La historia reciente está repleta de ejemplos, buenos y malos. La actual crisis venezolana es la consecuencia de largos años de oligopolio político excluyente e inconsciente. La real tragedia de Venezuela no es Hugo Chávez; es la ausencia de liderazgo político verdadero capaz de vertebrar un consenso y un rumbo. Los viejos políticos venezolanos, desnudos de la protección legislativa que les concedía el cartel electorero, son un producto obsoleto y sin atractivo.
En Colombia, los acontecimientos electorales recientes muestran otra cosa. Hace dos años era impensable ver a Alvaro Uribe vencer el establishment liberal liderado por Horacio Serpa. Ciertamente muchos factores influyeron en la victoria electoral de Uribe, pero uno de los más importantes ha sido las pocas trabas legales que pone el sistema colombiano a candidatos independientes. En un país de 11 millones de electores, Uribe solo necesitaba 50 mil firmas para constituir su propio partido y legitimarse como candidato. (En Panamá, donde hay cerca de 1.3 millón de electores, se requieren cerca de 70 mil adherentes para poder aspirar a ser partido político).

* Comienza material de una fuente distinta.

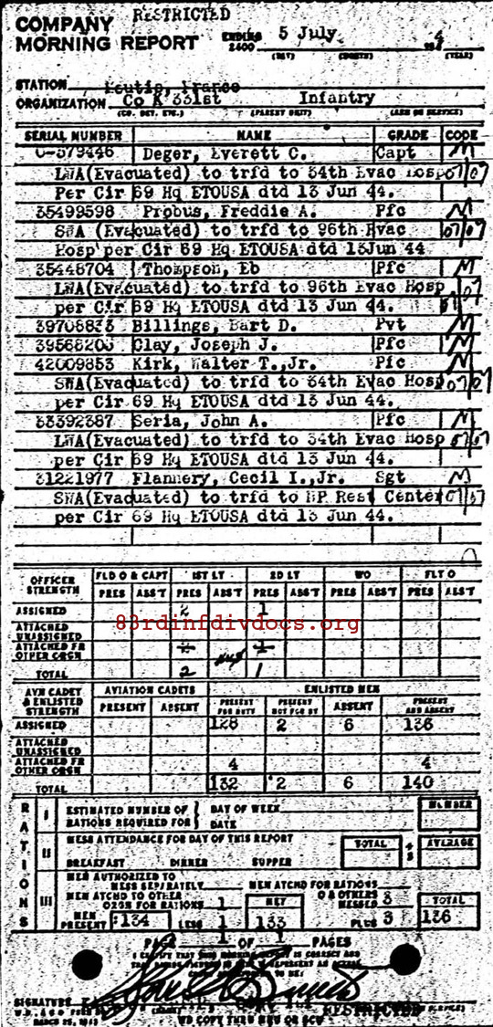| 1944-07-05 | PFC | Lightly wounded in action and transferred to 96th Evacuation Hospital on July 5, 1944 | K / 331 | view page | |
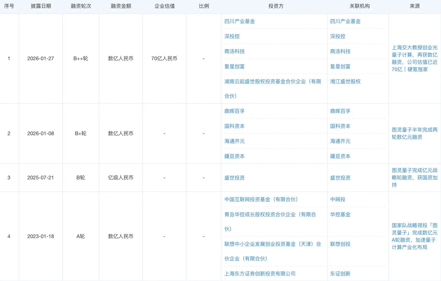 从融资规模来看,图灵量子在本年1月共完成2次规模为数亿元的融资,中间时候仅终结10天把握。1月8日,图灵量子秘书完成近亿元天神轮融资,由联思之星领投,中科神光、前海基金、源来本钱、小苗朗程跟投。同月的27日,图灵量子秘书完成数亿元B轮融资,由商汤科技、复星创富、深投控、川发伙同基金领投。
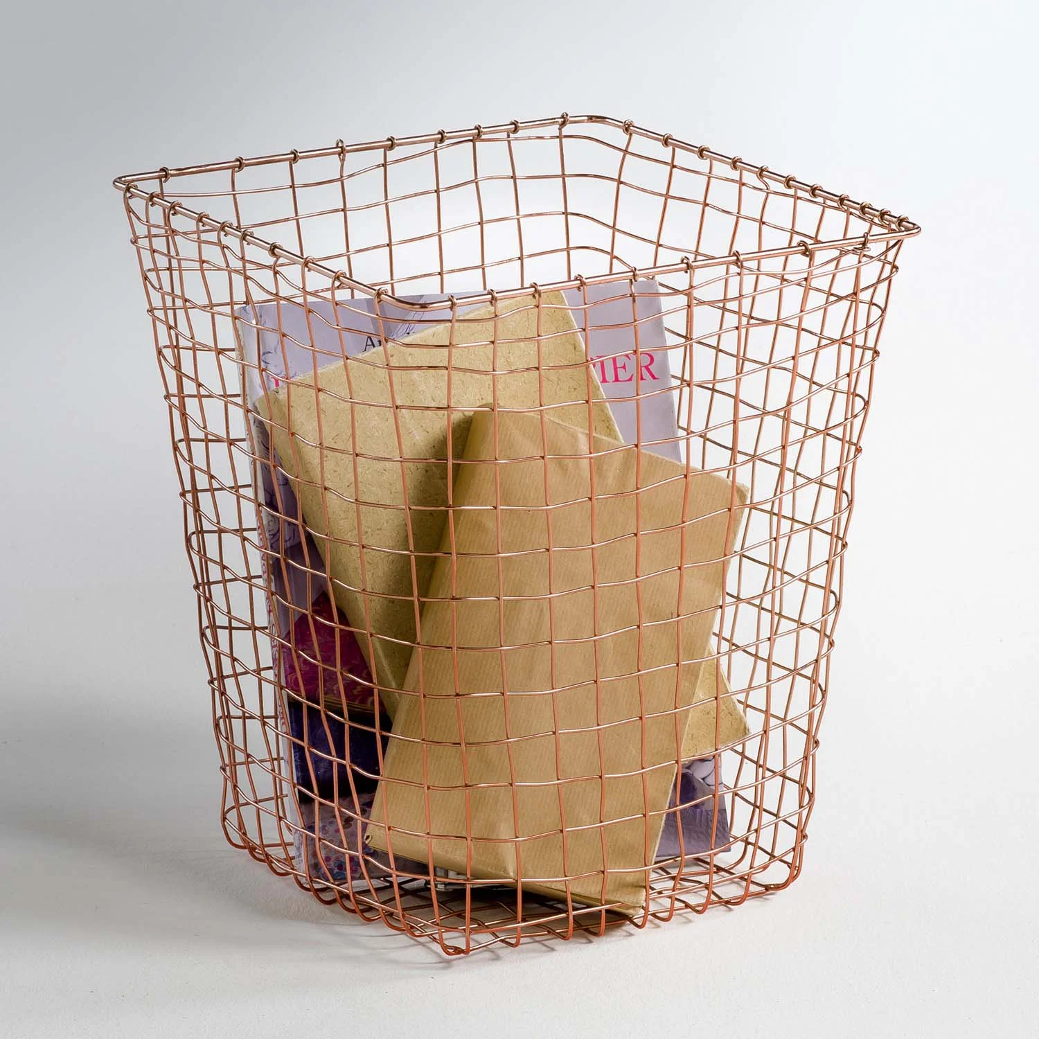 Too pretty to fill with rubbish, this copper receptacle would be perfect as a 'letters to be posted' out-tray in a home study, or filled with books beside your bed
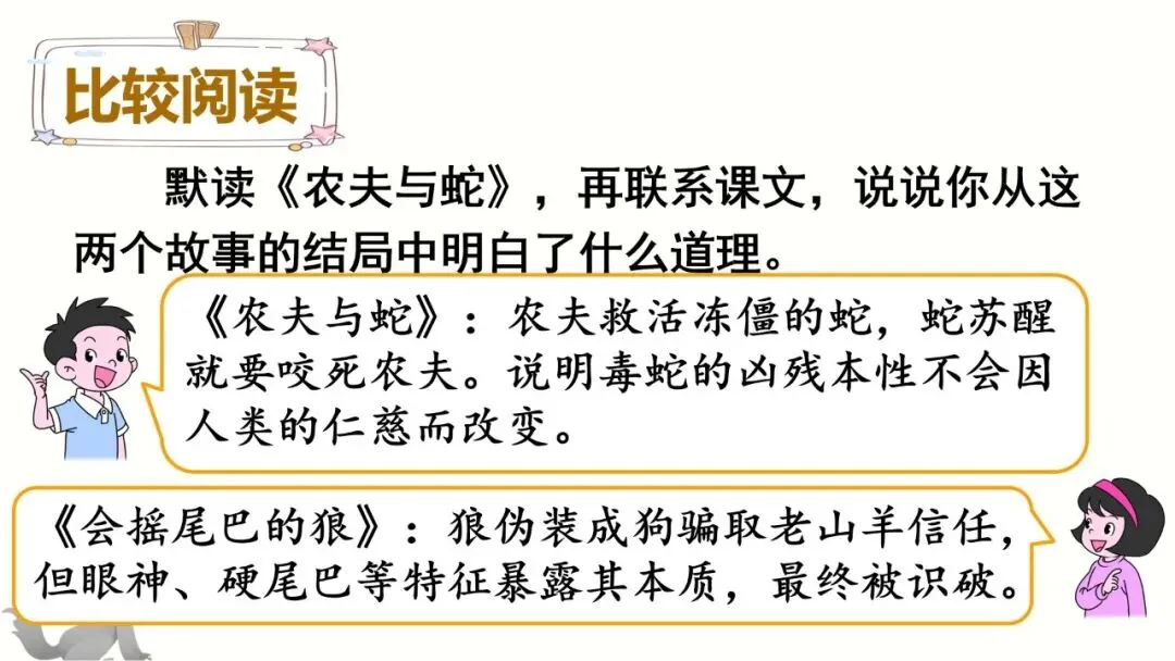 新增课文聚焦素养新增了《会摇尾巴的狼》《胡萝卜先生的长胡子》《灰雀》等课文。《会摇尾巴的狼》引导学生认清事物本质、不被虚假表象迷惑;《胡萝卜先生的长胡子》激发阅读兴趣,学习围绕核心要素展开合理想象的方法;《灰雀》则让学生学习人物对话描写、心理描写的方法,同时渗透德育教育。
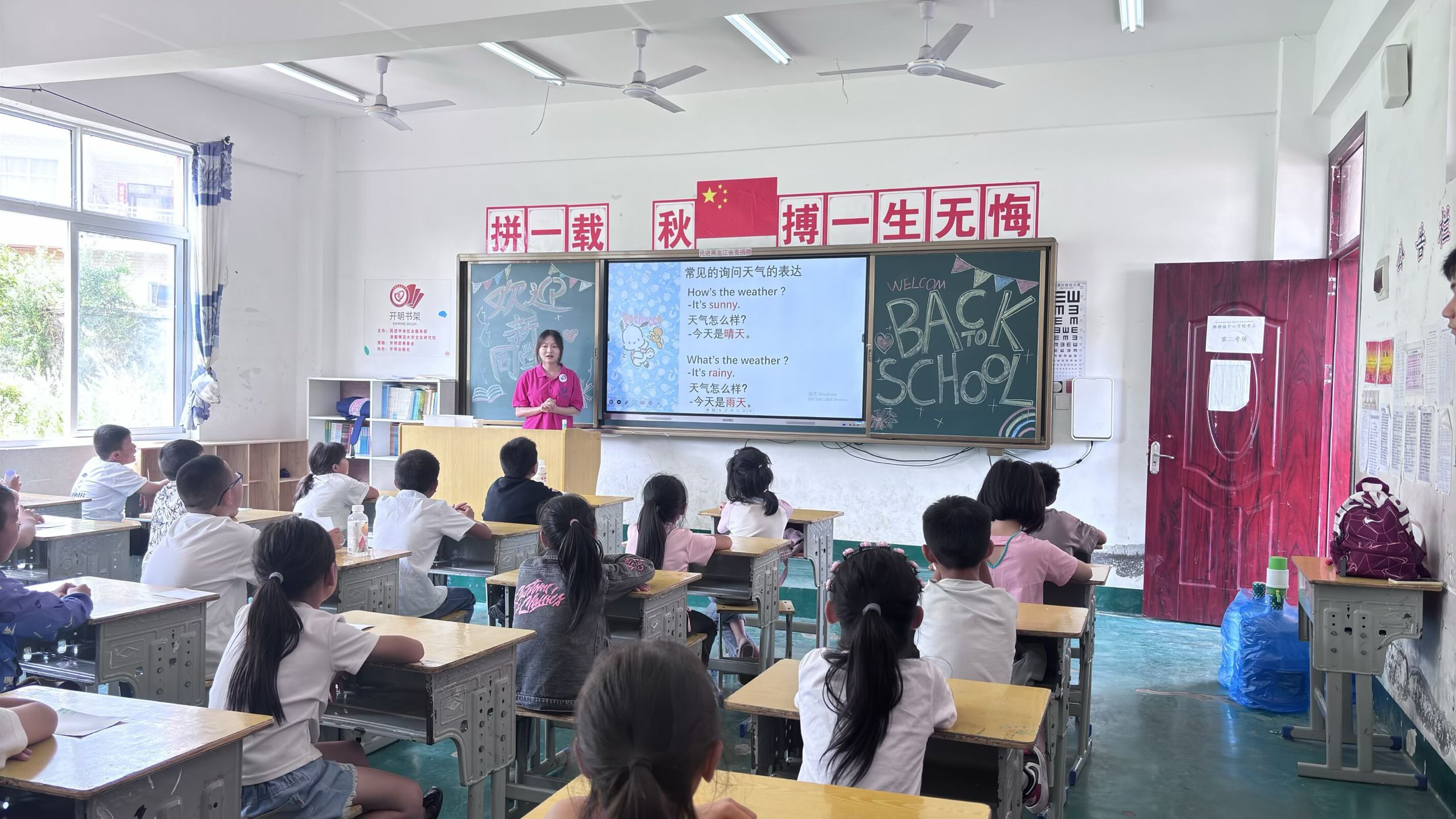 “天氣魔法歌會——《How's the Weather》”課程別開生面。課堂上,兩位老師播放精心挑選的英文兒歌視頻,生動的動畫畫面與歡快的旋律瞬間抓住學生的注意力。老師們還設計了角色扮演環節,讓學生分別扮演不同天氣的角色,用英語介紹自己代表的天氣特點。在熱烈的互動中,學生們不僅學會了晴(sunny)、雨(rainy)、多云(cloudy)等天氣詞匯,還能用簡單的英語句子描述天氣,英語表達能力得到了有效鍛煉。
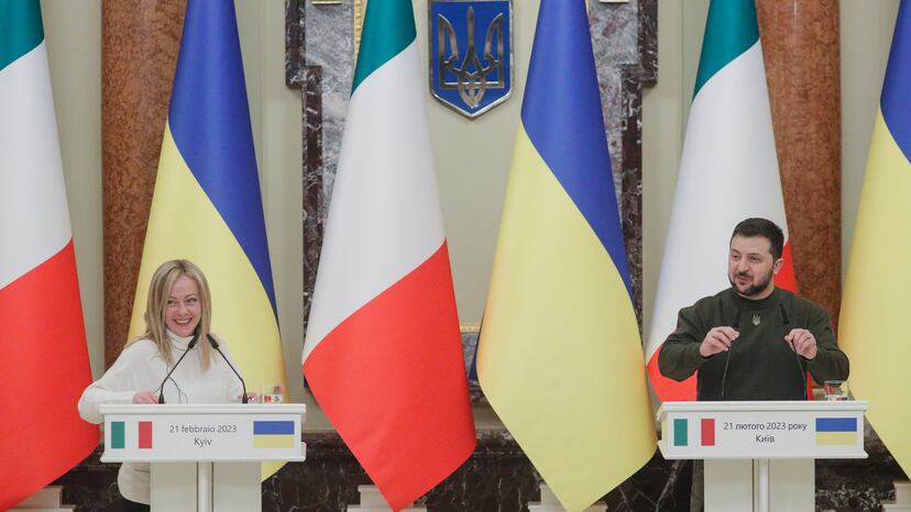 La primera ministra ofrece su apoyo al presidente Zelenski en una visita ensombrecida por el apoyo a Putin de Silvio Berlusconi, socio de la coalición que gobierna Italia
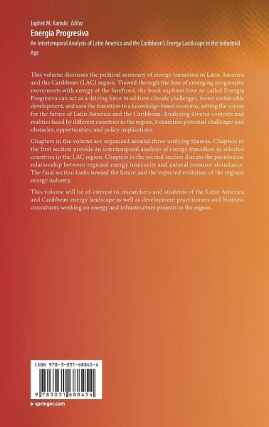 This volume discusses the political economy of energy transition in Latin America and the Caribbean (LAC) region. Viewed through the lens of emerging progressive movements with energy at the forefront, the book explores how so-called Energia Progresiva can act as a driving force to address climate challenges, foster sustainable development, and ease the transition to a knowledge-based economy, setting the course for the future of Latin America and the Caribbean. Analyzing diverse contexts and realities faced by different countries in the region, it examines potential challenges and obstacles, opportunities, and policy implications.
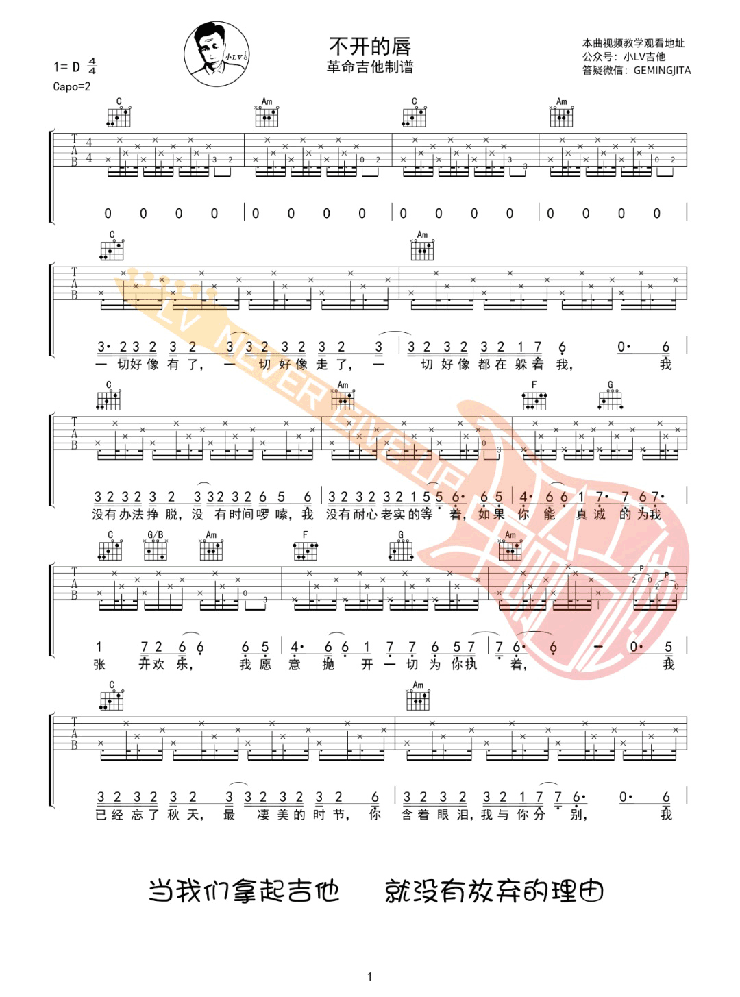 《赵雷《不开的唇吉他谱》(C调)》内容来自于互联网,不能保证内容的准确性与完整性,仅供学习交流欣赏,请勿用于其它用途,内容版权归原作者及来源网站所有,如有侵犯到您的权益请来信告知,我们将及时删除。

Estamos en una importante encrucijada política. La Asamblea Legislativa tiene por delante un proyecto electoral que profundiza y agudiza el oligopolio político. Si hemos de aprender de la historia, debemos sin dilación promover una apertura del sistema electoral, fomentando un sistema abierto de postulaciones que permita, por ejemplo, a un residente de Boquete aspirar a la alcaldía de su pueblo sin mayores trabas ni condiciones; que reduzca sustancialmente los requisitos a los candidatos independientes. Con esto nuestra honorable Asamblea haría perdurar el ideal democrático, equipando a nuestro país con mayores posibilidades de escoger, y con ello mayores posibilidades de sobrevivir como nación democrática.